Anyone who has read Tolkien’s book will know such descriptions abound, and yet Tolkien said that a common complaint he received from fans was that his magnum opus was simply too short. George R.R. Martin’s A Song of Ice and Fire series, for all its length, is devoured by readers who adore its breadth and attention to detail. The same thing goes for Star Wars and Star Trek fans with their focus on extended universes and the importance of the “canon”. Most recently, Nintendo’s The Legend of Zelda: Breath of the Wild was lauded for the immensity of its gameplaying world, with journalists gushing over a map size that dwarfs games like Skyrim and The Witcher 3 – themselves enormous games and huge critical successes.
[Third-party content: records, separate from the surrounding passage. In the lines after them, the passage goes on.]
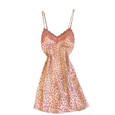 "LA" pink tender silk skin-friendly BAO WEN pajamas silk suspenders sexy lace skirt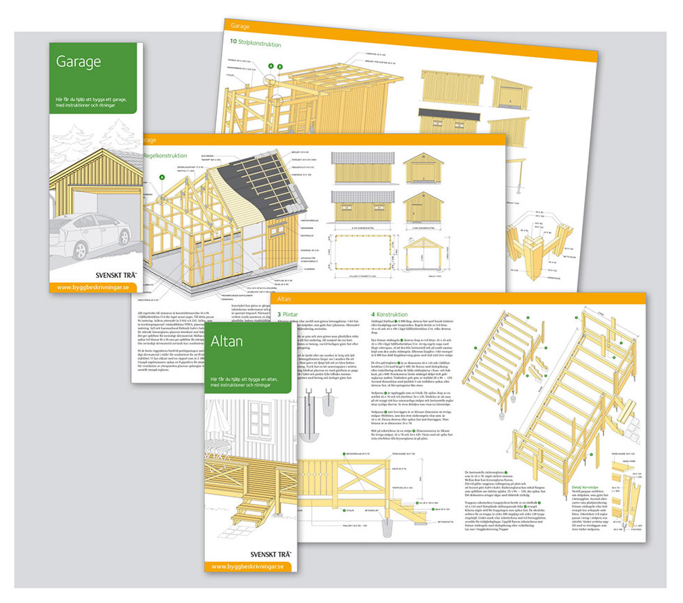 Byggbeskrivningarna beskriver utförligt hur du bygger i trä, steg för steg med instruktioner, illustrationer och arbetsritningar.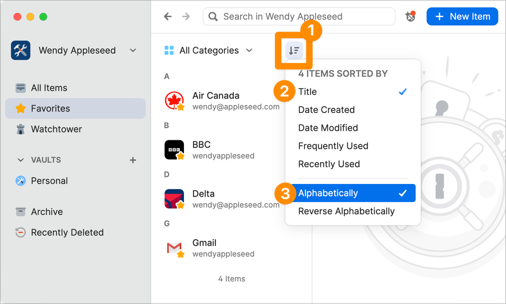 You can sort your Favorites in 1Password 8 for Mac by clicking the sort options at the top of the list, then choosing a sort criterion, like this: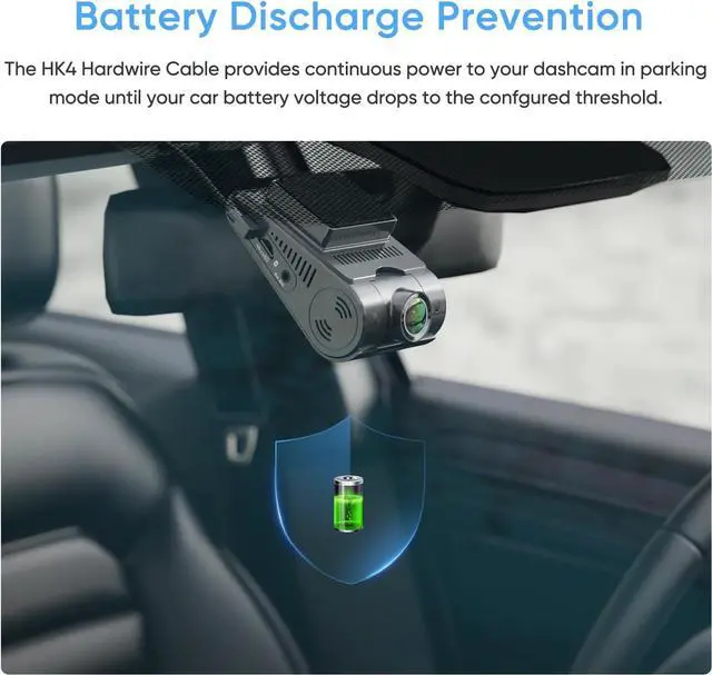 Low Voltage ProtectionHK4 hardwire lets you set a voltage cut-off value with 4 options, when the voltage of vehicles battery drops to the cut-off value, it will stop powering your dashcam, thus protecting your battery from discharge.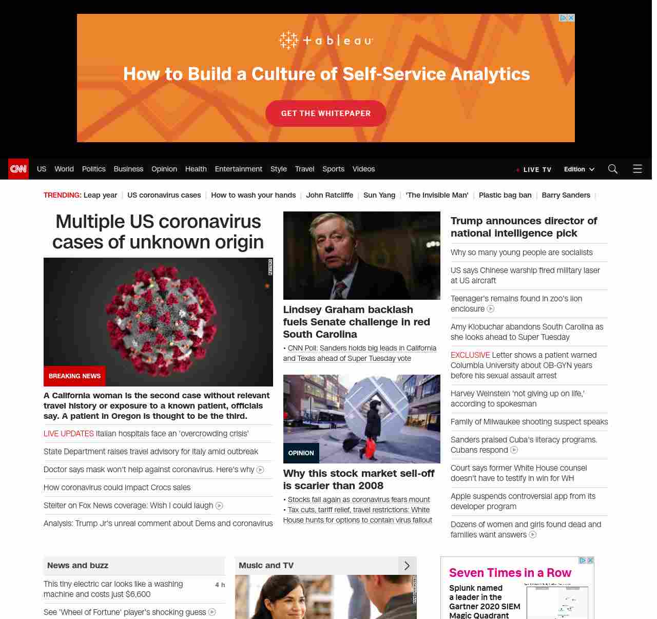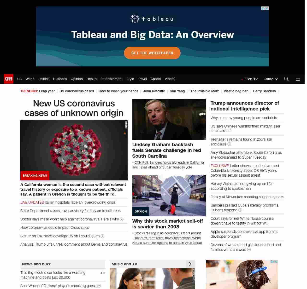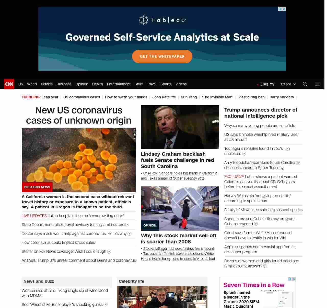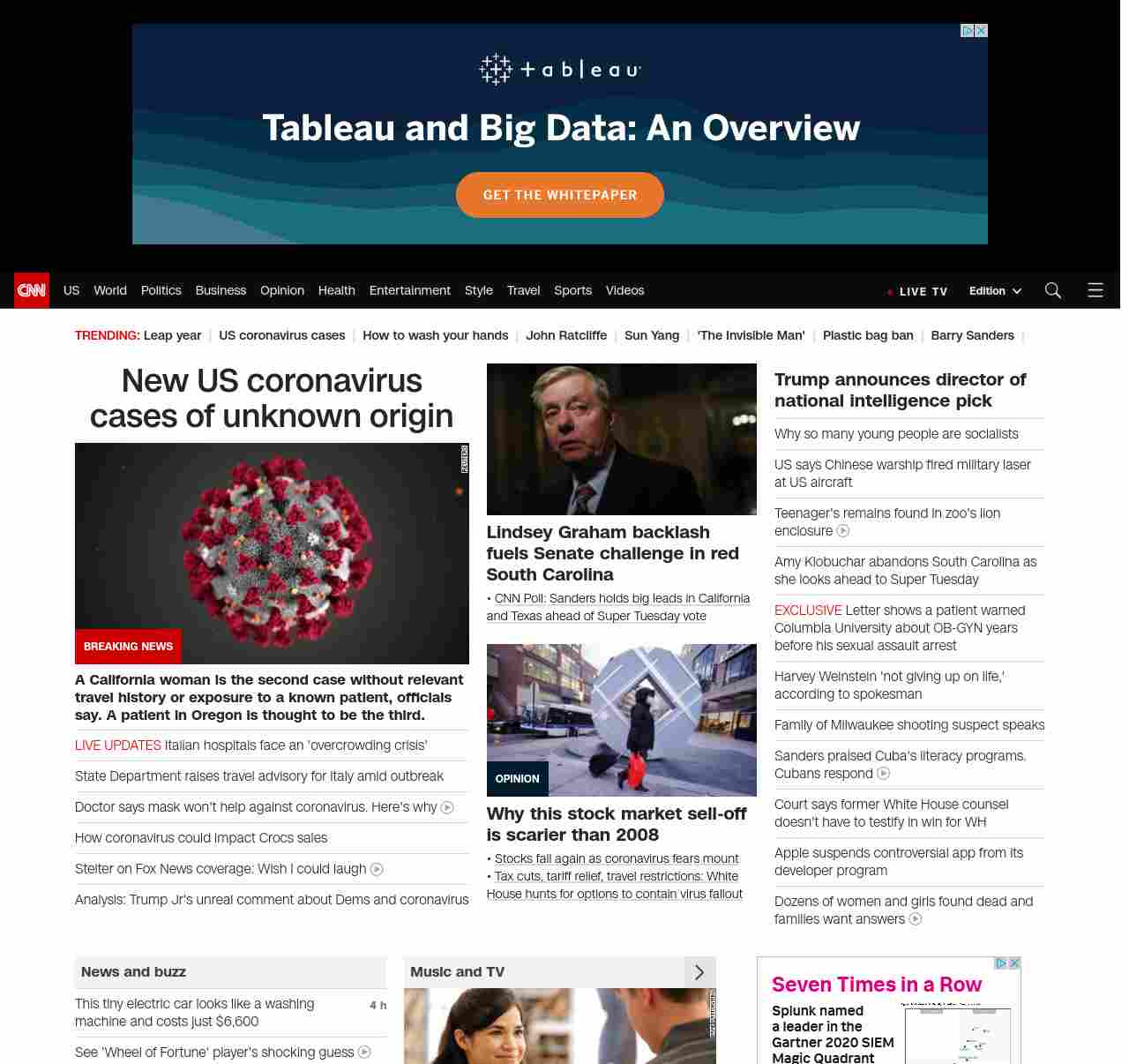 || screaming-banner-text banner-text-size–char-44″ data-analytics=”_list-hierarchical-xs_article_”> New US coronavirus cases of unknown origin ||” , title: “CNN – Breaking News, Latest News and Videos” , siblings: {“articleList”:[{“uri”:”/2020/02/28/health/coronavirus-us-updates-california-patient/index.html”,”headline”:”u003cstrong>A California woman is the second case without relevant travel history or exposure to a known patientu003c/strong>u003cstrong>, officials say. A patient in Oregon is thought to be the third.u003c/strong>”,”thumbnail”:”//cdn.cnn.com/cnnnext/dam/assets/200130165125-corona-virus-cdc-image-small-11.jpg”,”duration”:””,”description”:”An older adult woman from California might be the second case of community transmission of the u003ca href=”https://www.cnn.com/asia/live-news/coronavirus-outbreak-02-28-20-intl-hnk/index.html” target=”_blank”>novel coronavirusu003c/a>, health officials in Santa Clara County said Friday.”,”layout”:””

My own theory is that the huge, intricate worlds of fantasy, science-fiction and MMORPGs are explained by the times we live in. Wikipedia tells us that
By 1950, “sword and sorcery” fiction had begun to find a wide audience, with the success of Robert E. Howard’s Conan the Barbarian and Fritz Leiber’s Fafhrd and the Gray Mouser stories. However, it was the advent of high fantasy, and most of all J. R. R. Tolkien’s The Hobbit and The Lord of the Rings, which reached new heights of popularity in the late 1960s, that allowed fantasy to truly enter the mainstream.
Here is a map showing the years European colonies gained their independence.
It is perhaps noteworthy that the growth of fantasy coincided with the end of empire. The world had been discovered, colonised, de-Orientalised, raped, pillaged and industrialised. Men and women who before might have joined the foreign service and been shipped off to New Caledonia or Timbuktu or Darjeeling now had nowhere left to wander, no great wars to fight. They were born after the age of discovery and before technology would allow exploration of the galaxy. What was left except to conquer the new worlds of our imagination?